Diagnostic value of urinary microprotein concentration for patients with negative urinary protein test results and positive urinary casts on microscopic examination.

OBJECTIVE: To analyze the association between positive urinary casts on microscopic examination and urinary microprotein concentration in the case of negative urinary protein test results. This study also investigated the diagnostic value of urinary microprotein examination.
SUBJECTS: A total of 949 samples that were analyzed with a UF-1000i Urine Analyzer and returned cast alarm results were categorized into two groups, a positive and negative group, according to qualitative urinary protein sulfosalicylic acid test results. Then, 54 samples with negative protein test results but positive cast results according to microscopic examination were selected as the study group; 60 normal people with healthy physical examination results were selected as the control group. Both groups underwent urinary microprotein tests, including urinary microalbumin (mAlb), α1-microglobulin (A1M), transferrin (TRU), and immunoglobulin G (IgG).
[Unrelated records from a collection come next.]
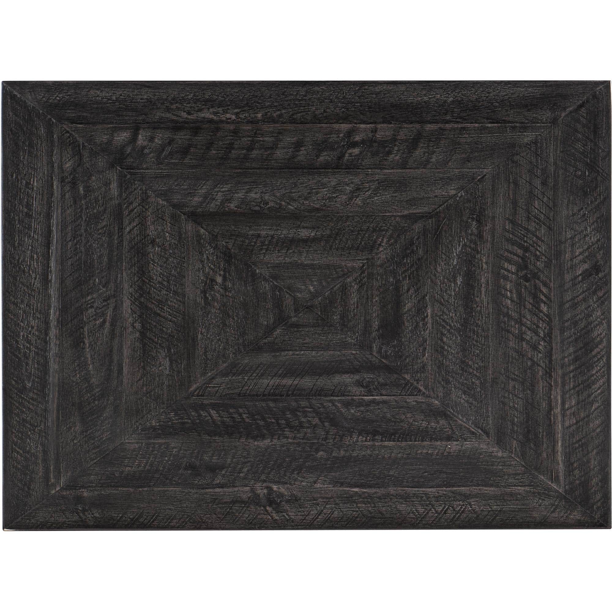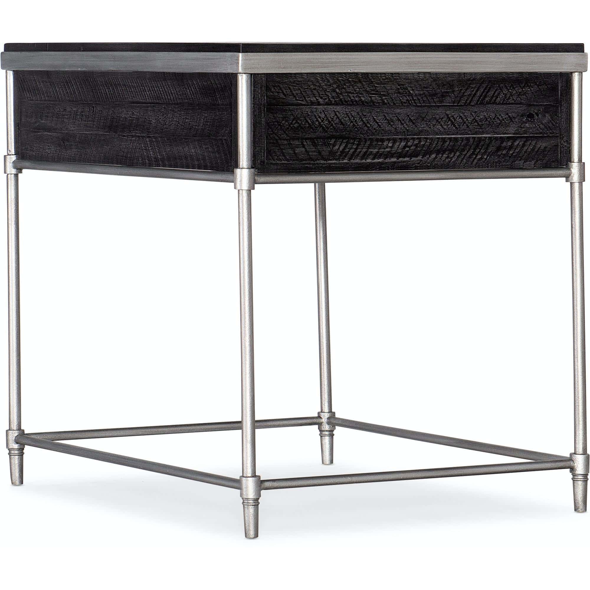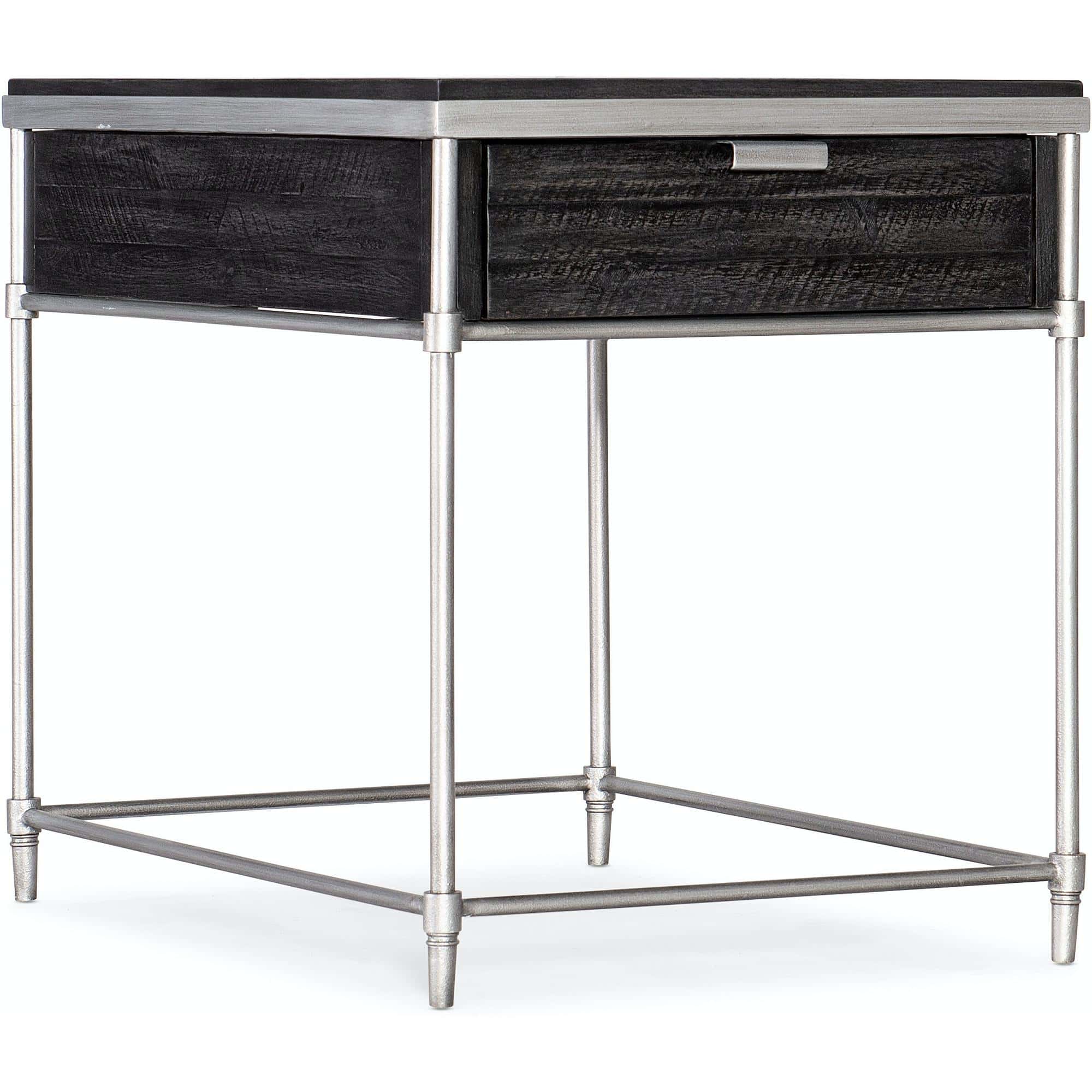 - Finish: Black finish with brushed pewter metal and finger pull with distressing
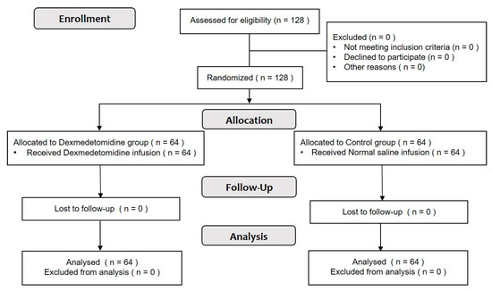 In total, 128 patients who underwent orthopedic surgery under general anesthesia were included in this study and randomly allocated to two groups: Group C (n = 64) and Group D (n = 64). A flow diagram of the Consolidated Standards of Reporting Trials (CONSORT) is presented in (Figure 2).
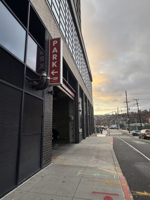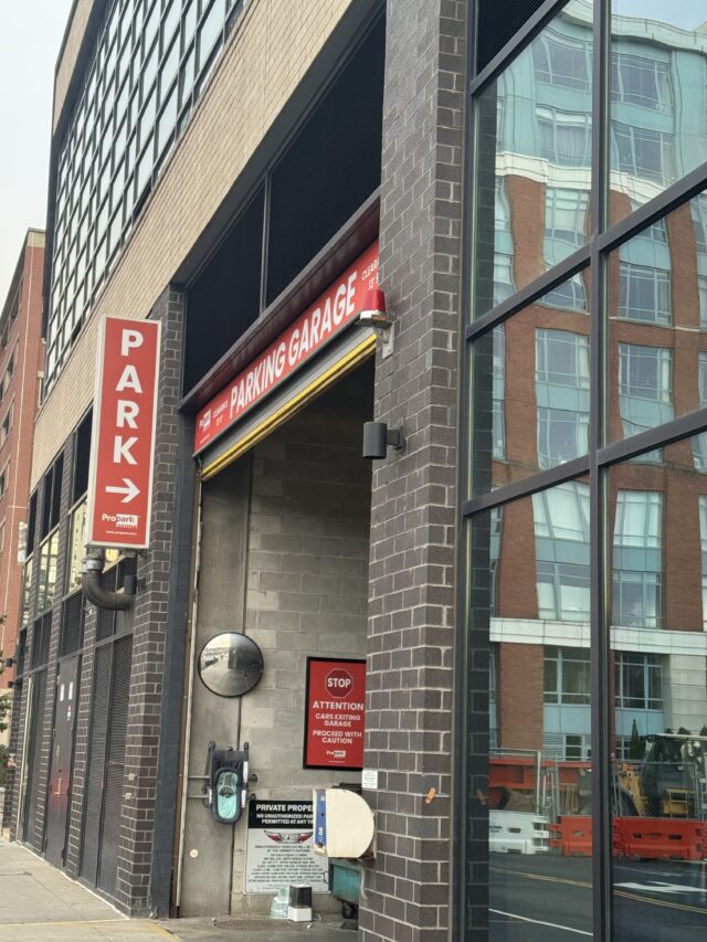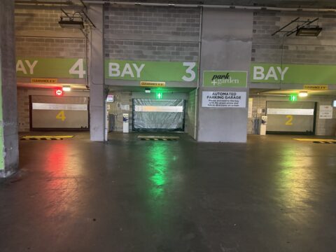 The Park + Garden residential building in Hoboken features a unique, compact U-tron automated parking garage with 314 spaces, which uses robotic shuttles to store vehicles on racks instead of traditional ramps, freeing up space on the ground level for a recreational deck with a pool. This technology allows for increased capacity in a smaller footprint, making the building eco-efficient and more profitable by allowing for more residential units. The garage is now operated by the City of Hoboken and is used by residents for both monthly parking and as a public parking facility.
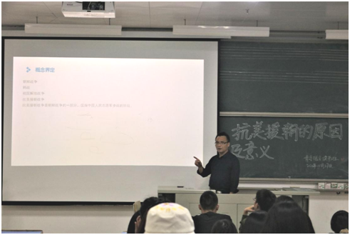 2020年10月25日是抗美援朝七十周年纪念日,为学习贯彻习近平总书记强调的“继承和弘扬伟大抗美援朝精神”的要求,10月27日,习近平新时代中国特色社会主义思想读书社邀请到了William威廉高学钦副教授,于AB201教室开展“抗美援朝的原因及意义”讲座,引导全体同学学习抗美援朝战争的历史和战争胜利的伟大意义。
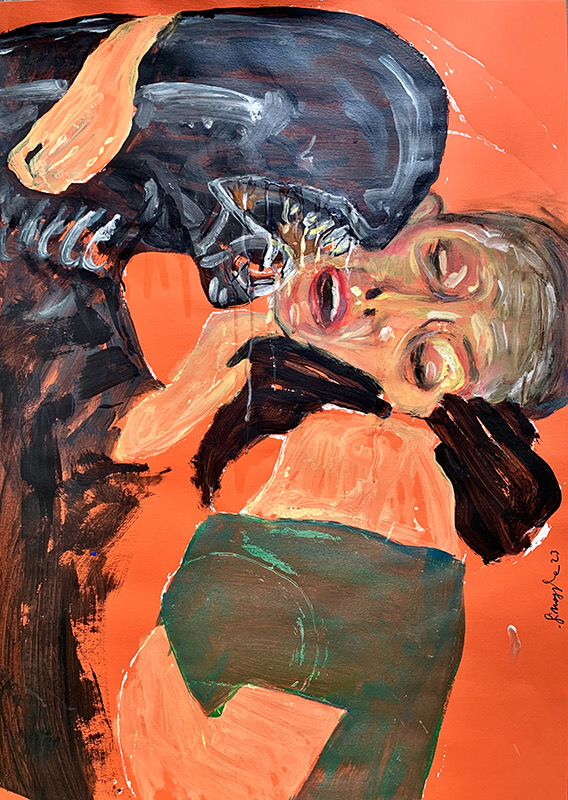 Attraverso l’iconografia pop della fantascienza cinematografica e televisiva, l’artista mette in scena celebri creature aliene in un gesto universale e archetipico: il bacio. Un gesto semplice, ma carico di significati emotivi e simbolici, qui trasposto in contesti surreali che superano i confini biologici, culturali e planetari.
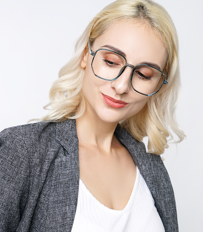 DESCRIPTIONKijana brings classic eyewear design and modern flair together to create a timeless style for the ages. This large-sized lens frame's interesting Clear Blue hue and double pairs of stub accents on temple arms are its most eye-catching features. It is also available in Matte Clear and striking ORANGE.
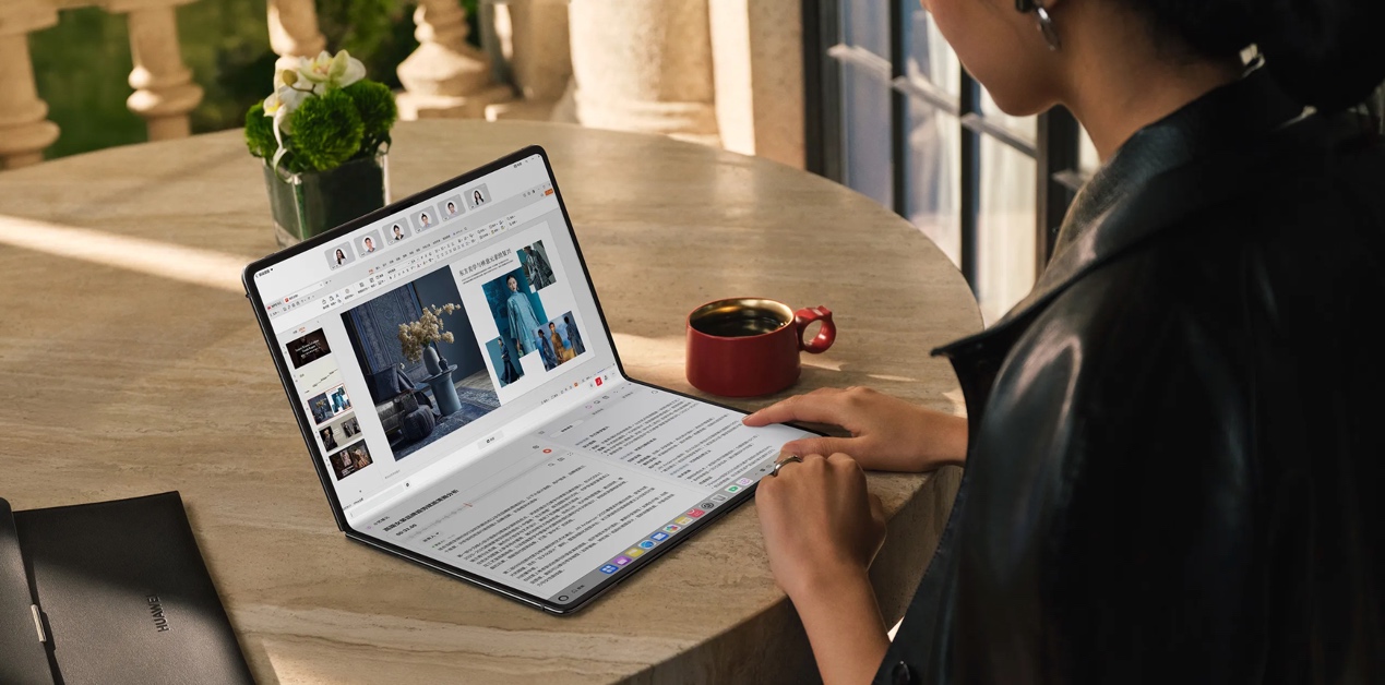 以華爲MateBook Fold 非凡大師爲例,其18英寸摺疊巨幕不僅帶來沉浸式視覺體驗,更實現了上下屏獨立操作、橫豎屏自適應旋轉。用戶可在上屏瀏覽資料、下屏撰寫報告,或在會議中一邊展示PPT一邊用手寫筆批註——這種“一機多能”的形態創新,正是高端商務用戶所渴求的移動辦公解決方案。
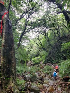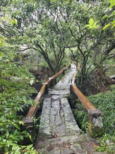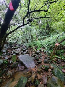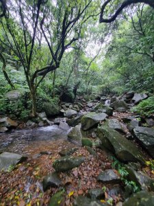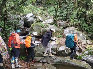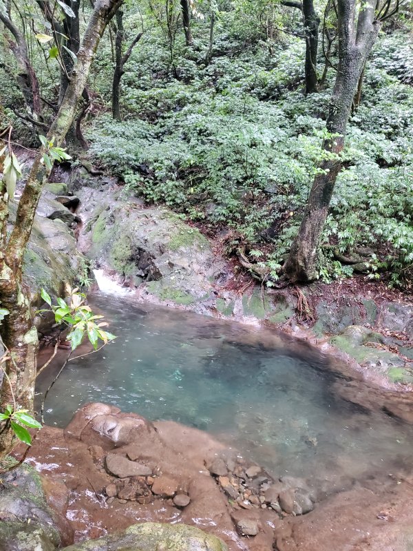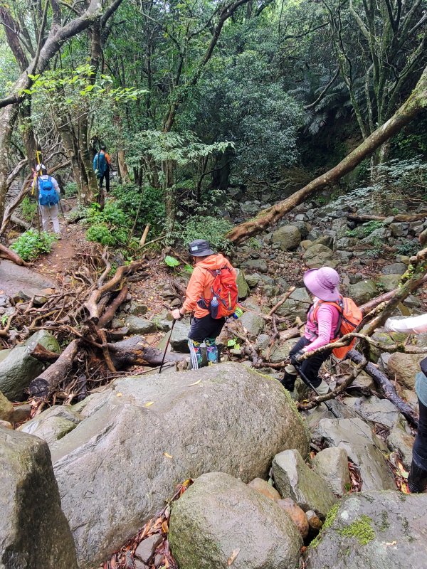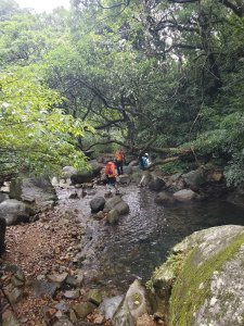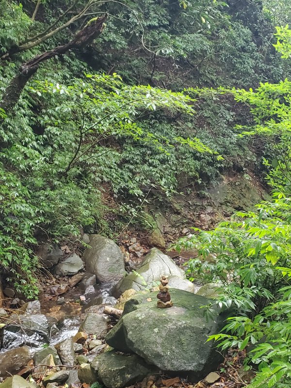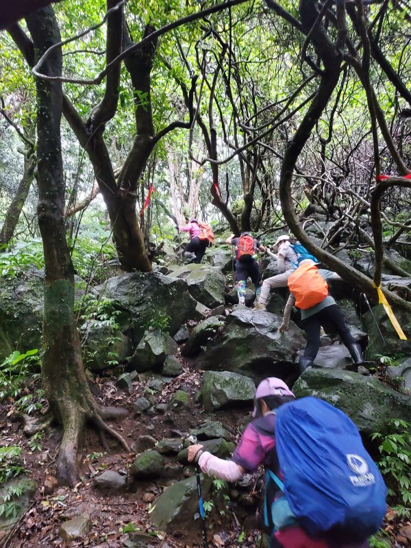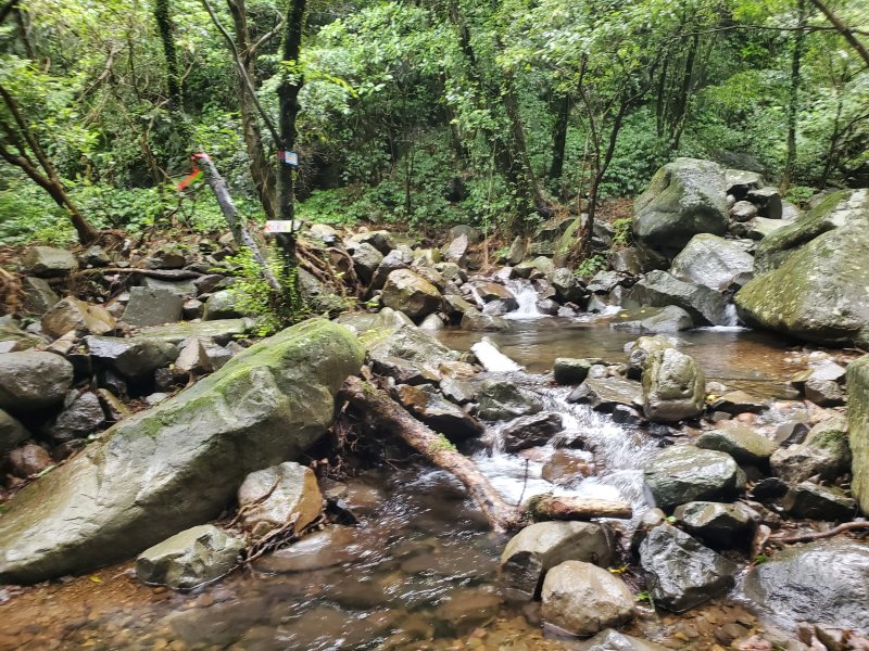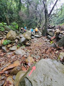 大屯溪古道雨中行(原路來回) Betty Shen 2025-07-09 發表 594 次點閱 8 次拍手 拍個手吧 收藏 檢舉 分享 分享至 Facebook LINE 一日行程 出發日期 2025/07/09 回程日期 2025/07/09 相關路線 大屯溪古道 本文為網友的心得,以下內容不代表健行筆記立場。 Day 1 2025/07/09 07:57 三板橋,先在此集合(旁邊有公廁) 08:20 古厝旁停車 08:21 古道路口 08:29 雨中行 08:34 由此去 08:35 崩塌 08:36 過崩塌處 08:38 恩愛樹 08:42 上坡各憑本事 08:48 崩塌處 08:52 觀音石,六字真言 08:52 許願池 09:00 千秋池 09:07 小水瀑 09:08 秋海棠 09:19 有山友被蜂螫,起了尋麻疹,撤退是唯一選擇 09:34 金童嶺叉 09:36 金龍池 09:39 防迷1 09:48 對面的稜線,今天天氣上去也是一片白牆吧! 09:51 過溪 09:54 菁礐池 09:55 清風崙叉今天天氣就不適合去了 10:02 過溪 10:04 過溪 10:05 水池 10:07 仙女池 10:58 桶湖一瀑 11:05 金孔 11:06 疊石指路 11:07 最後的上坡 11:07 金孔 11:15 防迷3,雨中特訓在此折返 11:16 九頭獅子草 11:17 翠綠 11:21 回程 11:23 疊石指路 11:25 水珠 11:38 過溪還在講電話 11:40 過溪 11:47 石砌寮舍 11:47 菁礐池 12:08 九芎 12:13 菇 12:27 回程 14:10 驅車前往午餐 15:53 軌跡

T tests were used to evaluate mean differences between groups and chi-square tests were used to calculate ratio differences between groups.
RESULTS: (a) Microscopic examinations of the positive and negative protein groups revealed no statistically significant difference in cast detection rate (P = .421). (b) Among the 54 samples in the study group, 37 were found to have abnormal casts, while in the remaining 17 samples, only hyaline casts were detected. (c) The detection levels of mAlb, A1M, and IgG in the study group were significantly higher than the control group (P values < .05).
CONCLUSION: Urinary microprotein test should be included in the re-examination rules for routine tests for patients with negative protein results and positive casts under microscopic examination.

INTRODUCTION

With the increasing application of automatic urine analyzers, increased attention has been directed at improving the accuracy and efficiency of the test results. Research suggests that the results for erythrocytes, leukocytes, and epithelial cells obtained using automated analyzers are similar to the results of microscopic examinations. However, to eliminate error or uncertainty, some images (particularly those of dysmorphic cells, bacteria, yeasts, casts, and crystals) must be analyzed by manual microscopic examination. In practice, due to the limitations of the instrumental test method and the complexity of the composition of urine, a situation often arises where the chemistry result does not match the formation test result, that is, there are cases of negative protein test results with observed pathologic casts. ,

The presence of urinary proteins is often associated with a high risk of renal and cardiovascular diseases such as nephrotic syndrome, chronic nephritis, lupus nephritis, hypertensive nephropathy, diabetic nephropathy, and so on. Traditionally, the formation of casts is closely related to the presence of urinary proteins. The presence of pathological casts, including granular cells, epithelial cells, red cells, white cells, and waxy casts in urine is a sensitive diagnostic indicator reflecting whether the kidney has suffered substantial damage; thus, the accuracy of detection of pathological casts is critical. In the case of samples negative for urinary proteins, abnormal casts are often overlooked under microscopic examination. Hence, it is necessary to develop reasonable and effective re‐examination rules to avoid miss examinations and false examinations.

Urinary microproteins include microalbumin (mAlb), α1‐microglobulin (A1M), transferrin (TRU), and immunoglobulin G (IgG). These have important diagnostic value in diseases such as diabetic nephropathy, cardiovascular disease caused by rheumatoid arthritis, and hypertensive renal injury. , , , However, testing for these proteins is costly and time‐consuming. Immunonephelometry for urinary microproteins is particularly costly.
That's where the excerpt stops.